After a brief lull, Jack gestures to Mick’s copy of the essay.
JACK: Do you mind if I take a look? There’s something near the end of the essay that relates to the point we ended on last night.
MICK: Not at all.
She hands the essay to Jack who flips through the pages.
JACK: Here we go. “It seems to me,” he says, “that one ought to rejoice in the fact of death—ought to decide, indeed, to earn one’s death by confronting with passion the conundrum of life. One is responsible to life: It is the small beacon in that terrifying darkness from which we come and to which we shall return. One must negotiate this passage as nobly as possible, for the sake of those who are coming after us.”⁶
DOC: I fully agree.
JACK: I have a slightly different perspective, but that’s not important right now. Do you remember that I had said that there were incommensurable systems of value or worldviews?

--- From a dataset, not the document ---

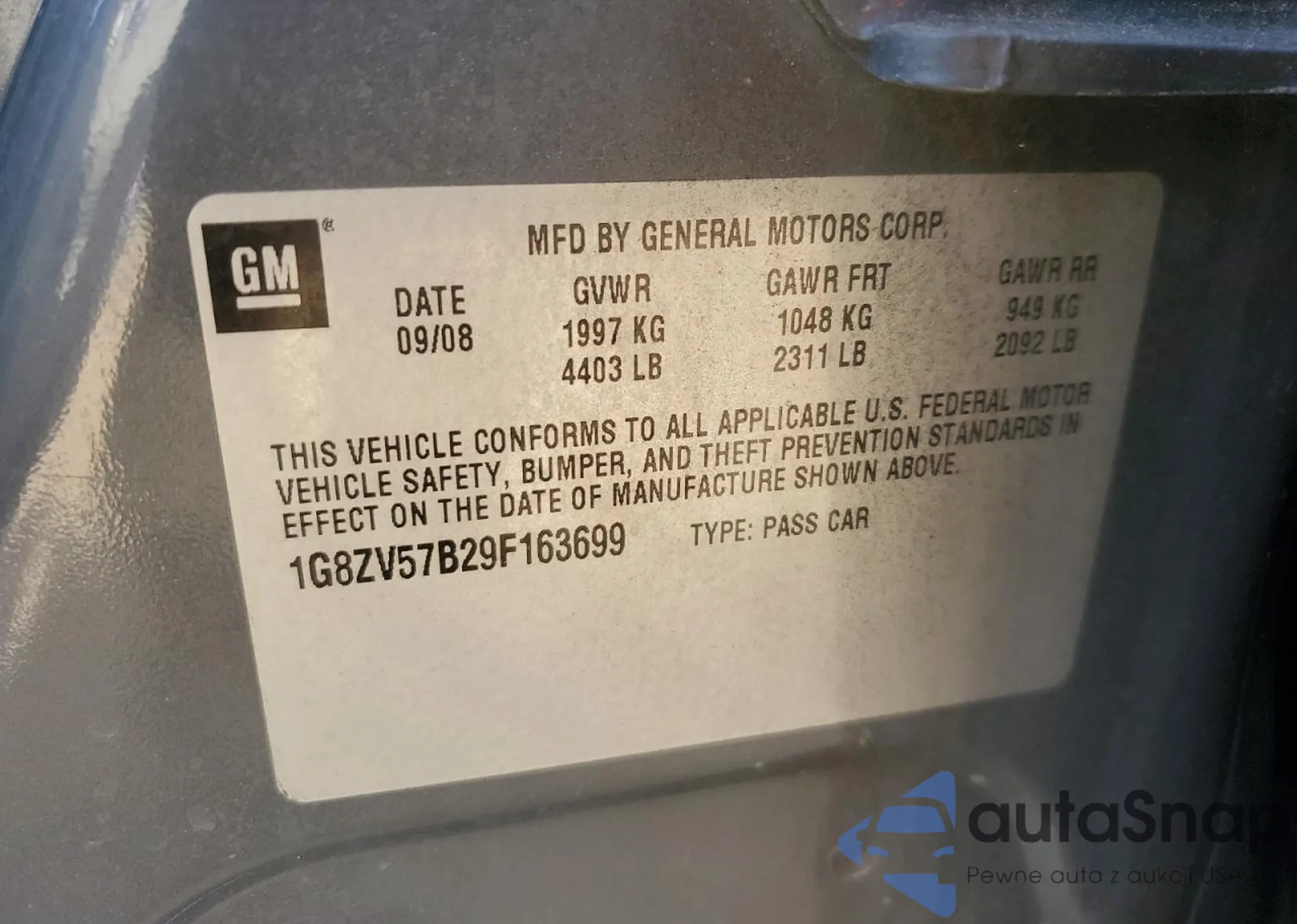 • VIN 1G8ZV57B29F163699

MICK: Yes, I wanted to follow up on that.
JACK: Good, because I did too, and I think Baldwin provides a useful avenue into the issue.
MICK: How so?
JACK: Well, he is clearly offering an alternative to what he takes to be a prevailing conception of life and death. However, I’m not confident that he appreciated how radically incommensurable his view is in relation to more dominant views.
MICK: So, I meant to look up that word—incommensurable—but I forgot to. It appears you’re going to keep using it though, so I’ll need you to define it!
JACK: Haha, yeah, of course. It has a very specific meaning. Two propositions are commensurable if there is some common measure that can be used to decide between them. So, most propositions concerning matters of fact are commensurable, even when they are contradictory.
MICK: I don’t think I understand the difference. How can two contradictory views be commensurable?
JACK: Well, take for example the claim that CO2 emissions contribute to climate change and then consider its negation—namely, that it is not the case that CO2 emissions contribute to climate change. These can’t both be true: in that sense they are contradictory. But we can figure out which is true and which is false.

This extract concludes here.